7.  Based on these observations, what do you hypothesize about drivers who accepted the bar coupons?

They are regulars (go to a bar at least once a month, often more), have some disposable income, and sometimes (but not always) have some adult friends with them.

### Independent Investigation

Using the bar coupon example as motivation, you are to explore one of the other coupon groups and try to determine the characteristics of passengers who accept the coupons.  
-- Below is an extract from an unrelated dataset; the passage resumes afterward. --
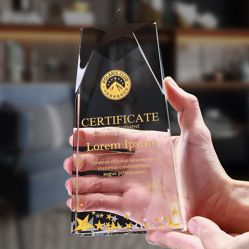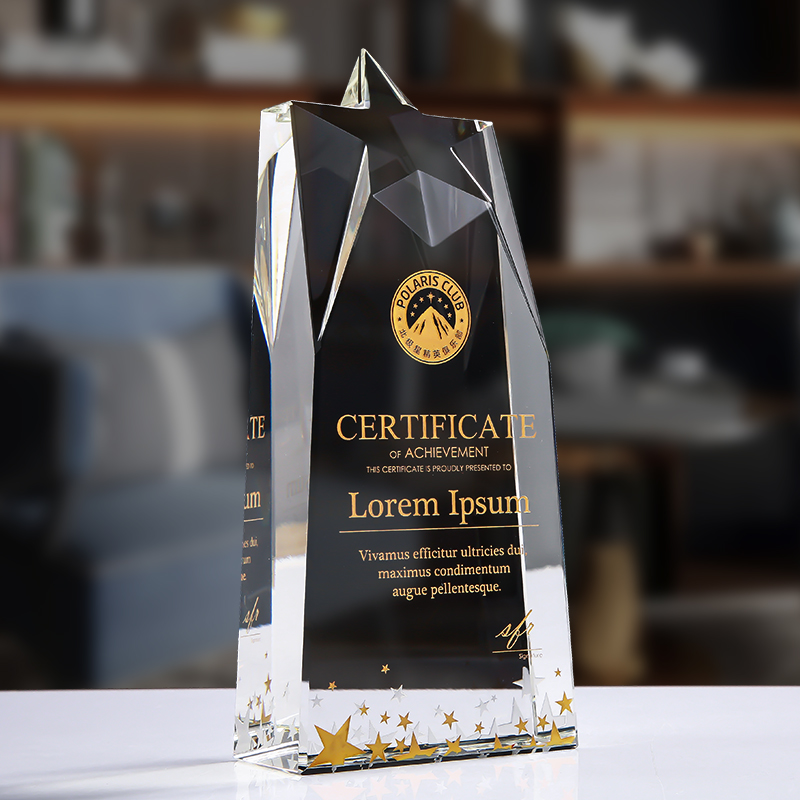 Pentagram Crystal Trophy Custom Upscale Creative Medal Mandating License Plate for Excellent Employee Prizes Lettering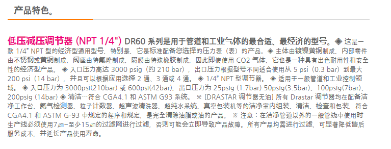DRASTAR 低压减压调节器 DR60 系列

Let's take a look into the takeaway coupons

In [74]:
df_take_coupon = data.query("coupon == 'Carry out & Take away'")

In [82]:
acceptance(df_take_coupon)

0.7354784788967823

In [85]:
# Acceptance over regulars (take away <1, >1, and >3 times a month)
group1 = df_take_coupon.query("CarryAway in ('never', 'less1')")
group2 = df_take_coupon.query("CarryAway not in ('never', 'less1')")
group3 = df_take_coupon.query("CarryAway in ('4~8', 'gt8')")

print(acceptance(group1))
print(acceptance(group2))
print(acceptance(group3))

0.6953316953316954
0.743705941591138
0.749554367201426


In [87]:
acceptance(df_take_coupon.query("CarryAway == 'never'"))

0.7962962962962963

In [91]:
# Short vs long term coupons
group1 = df_take_coupon.query("expiration == '2h'")
group2 = df_take_coupon.query("expiration == '1d'")

print(acceptance(group1))
print(acceptance(group2))

0.663820704375667
0.7815934065934066


In [92]:
# Income
group1 = df_take_coupon.query("income in ('Less than $12500', '$12500 - $24999', '$25000 - $37499', '$37500 - $49999')")
group2 = df_take_coupon.query("income in ('$50000 - $62499', '$62500 - $74999', '$75000 - $87499', '$87500 - $99999', '$100000 or More')")

print(acceptance(group1))
print(acceptance(group2))

0.7482408131352619
0.7208258527827648


In [96]:
# Children?

group1 = df_take_coupon.query("has_children  == 0")
group2 = df_take_coupon.query("has_children == 1")

print(acceptance(group1))
print(acceptance(group2))

0.7322604242867593
0.7397660818713451


In [97]:
# Family?

group1 = df_take_coupon.query("maritalStatus == 'Single'")
group2 = df_take_coupon.query("maritalStatus == 'Married partner'")
group3 = df_take_coupon.query("maritalStatus == 'Unmarried partner'")
group4 = df_take_coupon.query("maritalStatus == 'Divorced'")
group5 = df_take_coupon.query("maritalStatus == 'Widowed'")

print(acceptance(group1))
print(acceptance(group2))
print(acceptance(group3))
print(acceptance(group4))
print(acceptance(group5))

0.7467672413793104
0.7317073170731707
0.7139175257731959
0.7222222222222222
0.8461538461538461


In [103]:
# Age?

group1 = df_take_coupon.query("age in ('below21', '21', '26')")
group2 = df_take_coupon.query("age in ('31', '36')")
group3 = df_take_coupon.query("age in ('41', '46', '50plus')")

print(acceptance(group1))
print(acceptance(group2))
print(acceptance(group3))

0.7355140186915888
0.7216174183514774
0.7485294117647059


Overall, takeout coupons are very popular among the population, holding steadily in 70-75% range for most of my queries. Somewhat notable trends I saw here are (surprising) preference by people who normally don't order takeout (79% acceptance for those who "never" order it), obvious preference towards 1 day coupons (but 2h ones were still quite popular), obvious (+10% compared to other groups) preference by the widowed people, with single being the next accepting group at 74.6%, small preference towards people with sub-50K income (+2.8%) and lack of distinction by presence of kids.

However, as already said, takeout coupons are popular across entire population of this survey, so it is hard to find anything larger than couple percent difference.